Противный холод, словно собираясь приобщить меня к своей коллекции, притягивал к кораблю. Я сопротивлялся. Я боролся изо всех сил, но холод, сводящий зубы холод, постепенно сковывал меня.
— Как же холодно, — простонал я и открыл глаза. — Боже мой, разве может быть так холодно?!
Вначале я и не сообразил, где же нахожусь. Вокруг меня стола кромешная тьма, и было холодней, чем в склепе. Чуть погодя, когда горячая кровь побежала по венам и сосудам рук и ног, потерявшим чувствительность, ко мне вернулась память. Вперемешку с красными тельцами по телу распространялась колючая боль.
Ночью я так крепко спал, что проспал свой огонь. Он угас, но под теплой золой скрывалась немного жарких углей. Жутко расстроившись, обозвав себя емким эпитетом «идиот», я быстро принялся разводить огонь.
То, что я оказался соней, подтвердил бледный утренний сумрак, щедро осыпаемый мелким острым снегом. Ветер, всю ночь в одиночку забавлявшийся, с радостью набросился на меня, как на очередную жертву или игрушку. Сотни мелких ледяных частиц метеорами ударили в лицо, если бы льдинки были крупнее, оно стало бы похоже на испещренную кратерами Луну.

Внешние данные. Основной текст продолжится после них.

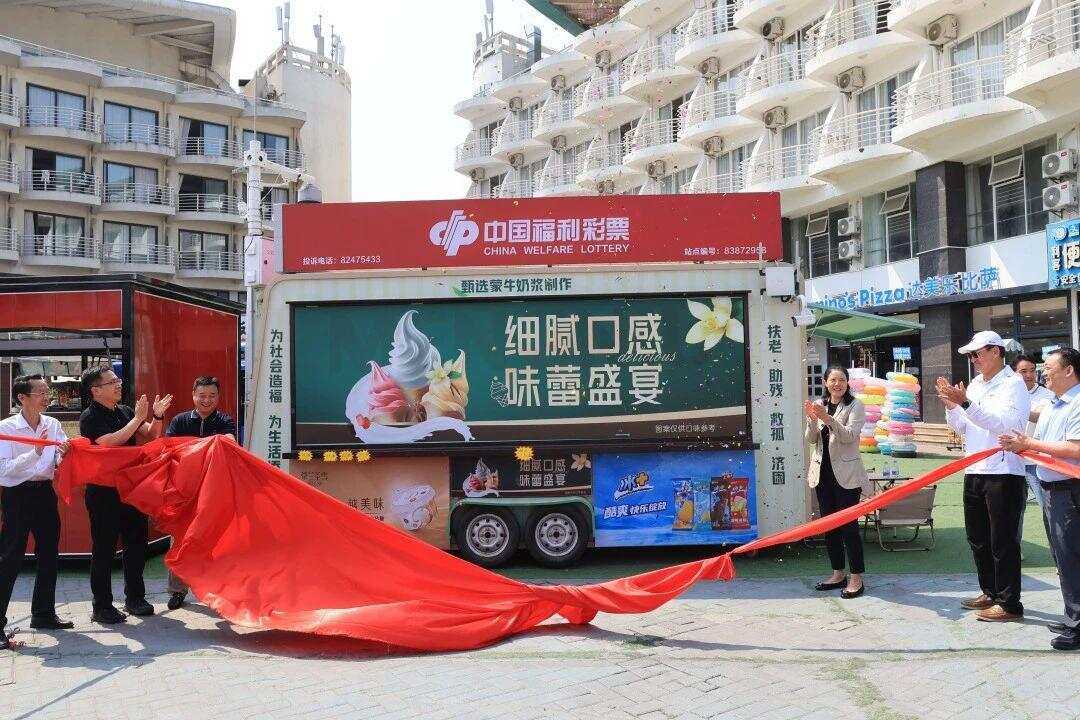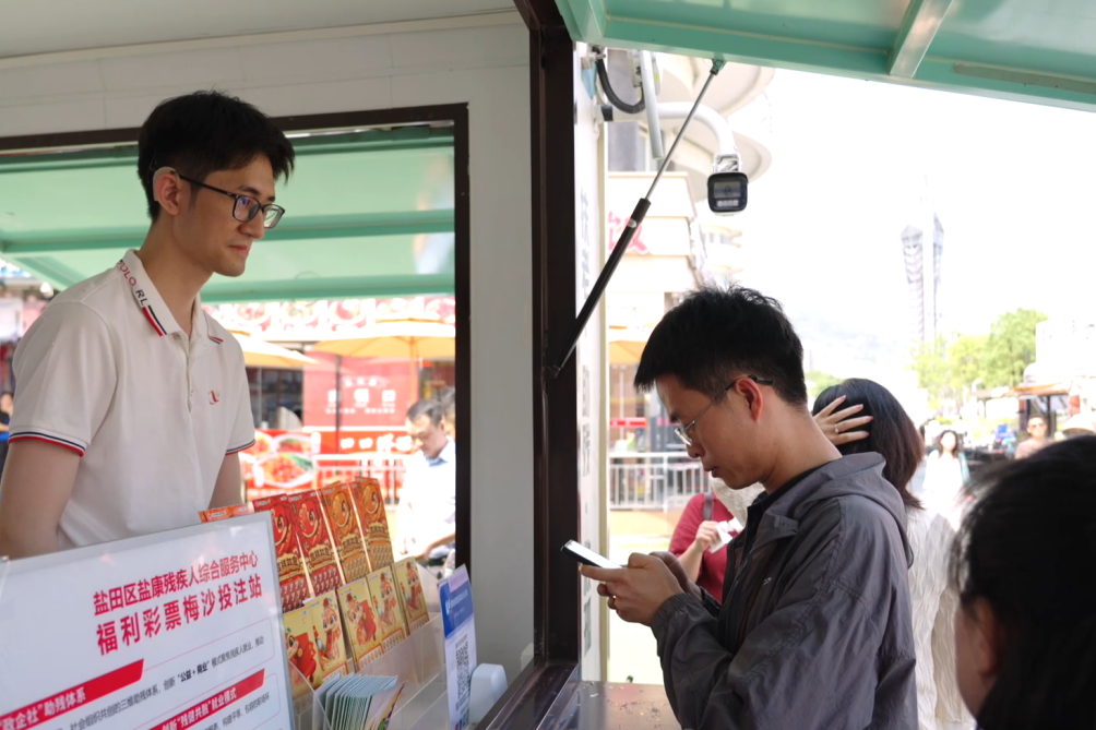 在大梅沙海滨公园的不远处,人群熙熙攘攘,热闹非凡。在这喧嚣的氛围中,一辆挂着“中国福利彩票”站点编号83872958红色招牌的花车格外引人注目。花车虽然只有四五平方米,但里面却别有洞天,福利彩票销售与便民商品零售巧妙融合,让路过的顾客不仅能在这里购彩,还能选购雪糕、矿泉水等商品。

Прежде чем вернуться в каморку, я решил осмотреться. Небо заволокло низкими облаками. Неуклюжее зимнее солнце поднималось из-за гор. Наступал новый день, и, судя по всему, ничего хорошего он мне не сулил. Видимо, прошедшую ночь небесный художник провел в плохом расположении духа. И сегодняшнее утро стало доказательством этому. Плакали мои надежды на скорейшее окончание сибирской робинзонады…
Придется идти к самолету. Жратвы осталось на пару дней!

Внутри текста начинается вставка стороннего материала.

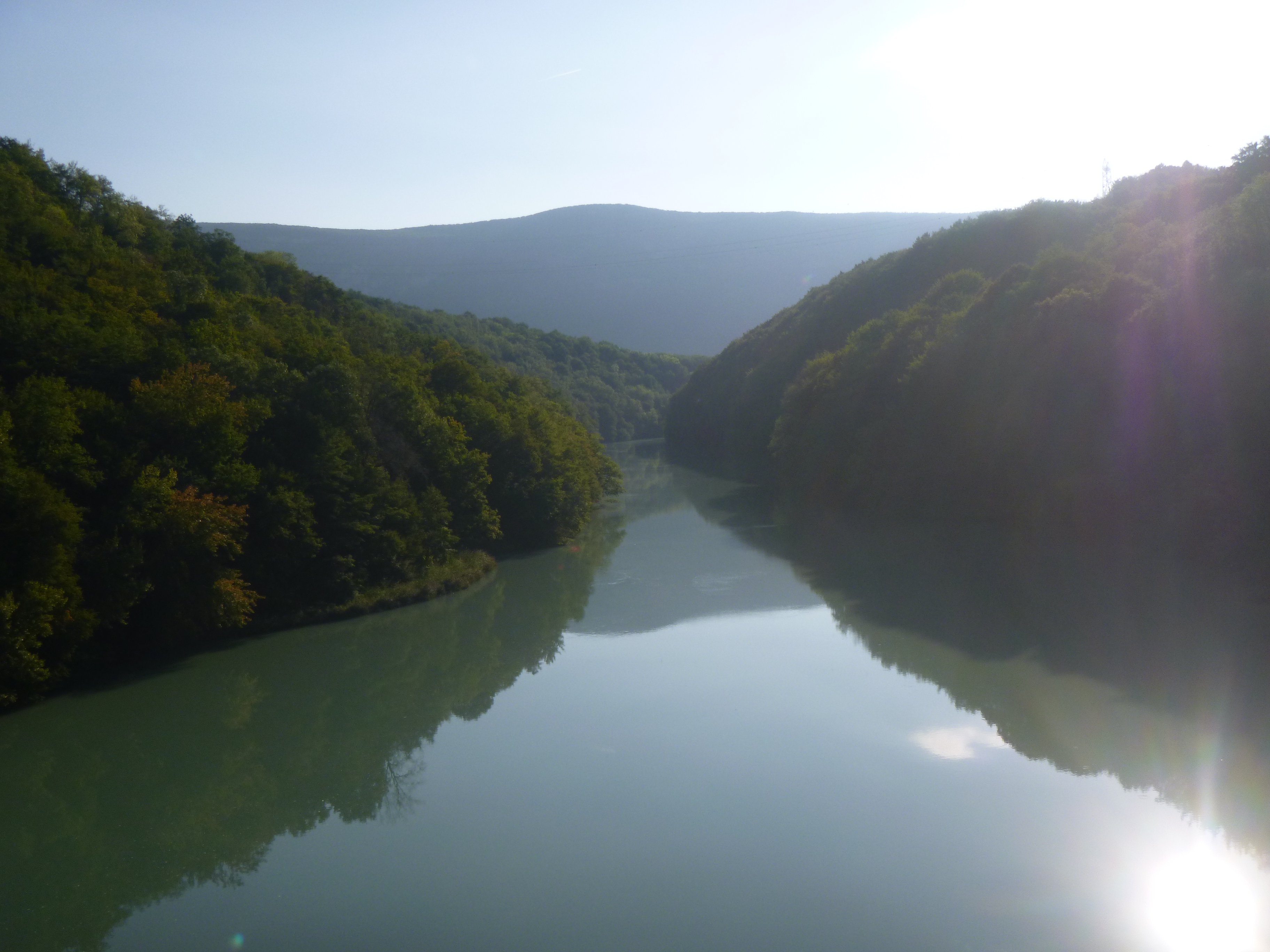nous traversons la rivière de La Valserine direction de Genève, Gex, commençons

Мысль о вчерашнем бездарно устроенном костре, в котором сгорели мои легковоспламеняющиеся надежды, окончательно привела меня в паршивое настроение.
Я посмотрел на кострище. Однако большое черное пятно, как улика на месте преступления, оказалось укрытым снегом. Только неглубокая овальная впадина указывала на то, что вчера на этом месте полыхал большой костер. Общую картину окружающей меня природы можно было охарактеризовать одним словом — «тоска».
Между тем нужно было заниматься делами. Прежде всего — завтрак. Я бы слопал целого слона под татарским соусом, но пришлось удовольствоваться тремя рыбными бутербродами и несколькими глотками горячего вина.
Психологи утверждают, что сытый человек всегда добрее и оптимистичней голодного пессимиста. Может быть, всякие уроды и появляются оттого, что их в детстве нормально не кормили? Не лишайте детишек сладкого, а то потом вырастет какое-нибудь жуткое чудовище, которым будут в детском саду пугать друг друга малыши.
Это умозаключение ознаменовало собой окончание завтрака. Пора было собираться в путь.
«С учетом того, что я хорошо знаю дорогу, разумно будет добраться до самолета до обеда, и там заморить червячка», — подумал я.
Мысль, на первый взгляд, показалась удачной. Лишь позже обед в компании мертвецов я сочту сомнительной идеей — с моральной точки зрения.
Думая о предстоящем налете, я смотрел в пол, заваленный мелкими сучками, древесной корой, давно потухшими углями и золой.
«О, какая-та коробочка, — подумал я, увидев под толстым слоем мусора пластмассовую штукенцию бордового цвета, несомненно, когда-то принадлежавшую хозяйке сумочки-полумесяца. — Кажется, пудреница!»
Мое предположение подтвердилось. Я раскрыл пудреницу, оказавшуюся на удивление большой. Находящегося внутри порошка хватило бы, по моим подсчетам, на целый полк или всех артистов Большого и Малого театров.
«Может быть, девушка была рябой или прыщавой», — предположил я.
— Боже мой!
Последние слова были произнесены с удивлением и ужасом. Было отчего содрогнуться.